A 70.8 kg man is standing on a frictionless ice surface when he throws a 2.3 kg book at 10.5 m/s. With what speed does the man move across the ice as a result?
no speed, if he throws it straight up.
Steve, you are an idiot. A physics problem and why would you assume he threw up. No answer is easy like that.
To find the speed at which the man moves across the ice, we can apply the law of conservation of momentum. According to this principle, the total momentum before the book is thrown should be equal to the total momentum after.

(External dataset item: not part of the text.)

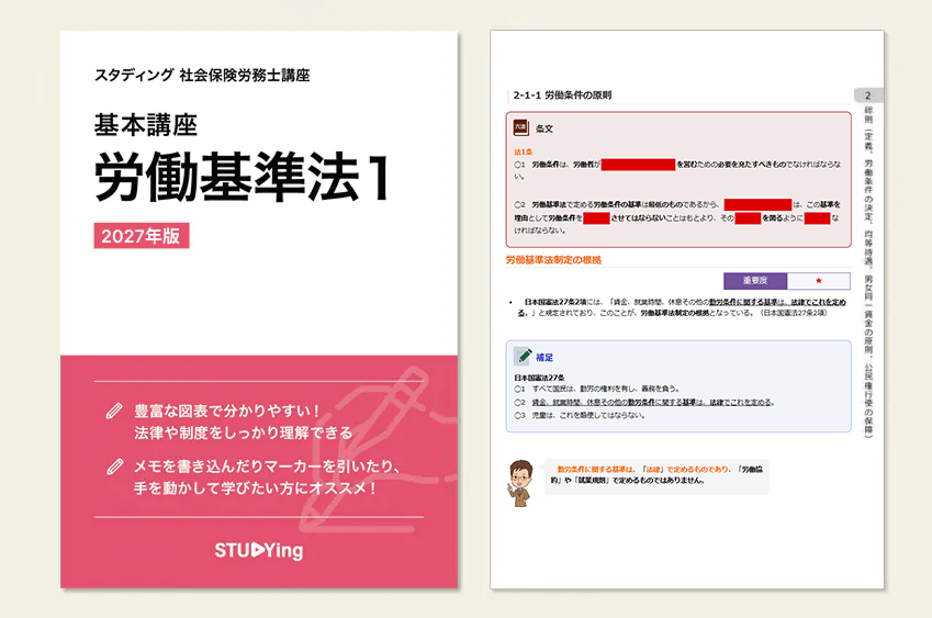 | 冊子版単独の購入はできません。スタディング 社会保険労務士講座をご購入いただいた方のみ冊子版を購入いただけます。なお、既にスタディング 社会保険労務士講座をご購入済の方は冊子版だけを追加でご購入いただけます。 |
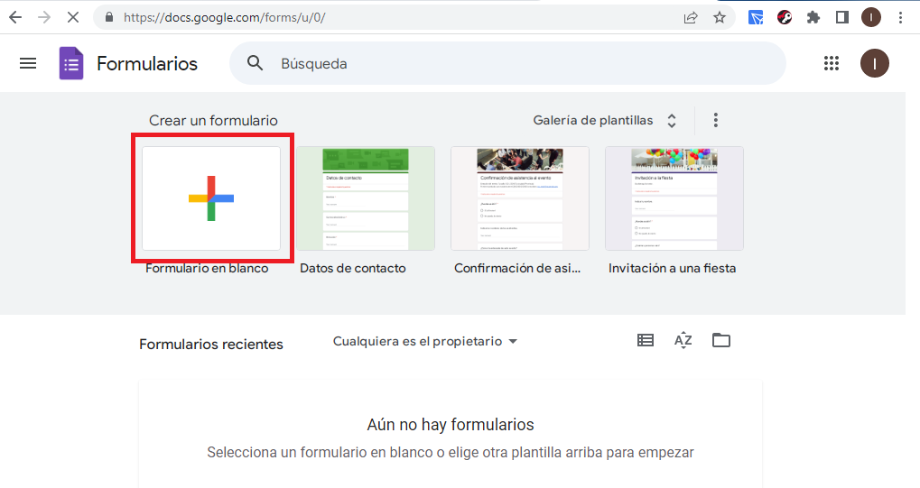 Luego debemos seleccionar la opción Formulario en blanco, para iniciar un a crear un formulario desde cero.

The momentum of an object is calculated by multiplying its mass by its velocity. Let's denote the man's velocity after throwing the book as v (which is what we want to find), and the initial velocity of the book as u.
The momentum of the man before throwing the book is given by:
Momentum_man_before = (mass of man) * (velocity of man before) = (70.8 kg) * (0 m/s) = 0 kg·m/s.
The total momentum before throwing the book is then:
Total_momentum_before = Momentum_man_before + Momentum_book_before
= 0 kg·m/s + (mass of book) * (velocity of book before)
= 0 kg·m/s + (2.3 kg) * (0 m/s)
= 0 kg·m/s.
According to the law of conservation of momentum, the total momentum before and after throwing the book should be equal. Therefore:
Total_momentum_before = Total_momentum_after.
When the man throws the book, he gains momentum in the opposite direction, causing him to move across the ice. Since the book's momentum after throwing is given by (mass of book) * (final velocity of book), the total momentum after becomes:
Total_momentum_after = Momentum_man_after + Momentum_book_after
= (mass of man) * (velocity of man after) + (mass of book) * (final velocity of book)
= (70.8 kg) * (v) + (2.3 kg) * (-10.5 m/s) (negative sign for the book's velocity as it moves in the opposite direction)
We equate the total momentum before and after to solve for v:
Total_momentum_before = Total_momentum_after
0 kg·m/s = (70.8 kg) * (v) + (2.3 kg) * (-10.5 m/s)
Now we can solve for v:
0 = 70.8v - 2.3 * 10.5
Rearranging and solving for v, we get:
70.8v = 24.15
v ≈ 0.34 m/s
Therefore, the man moves across the ice at a speed of approximately 0.34 m/s after throwing the book.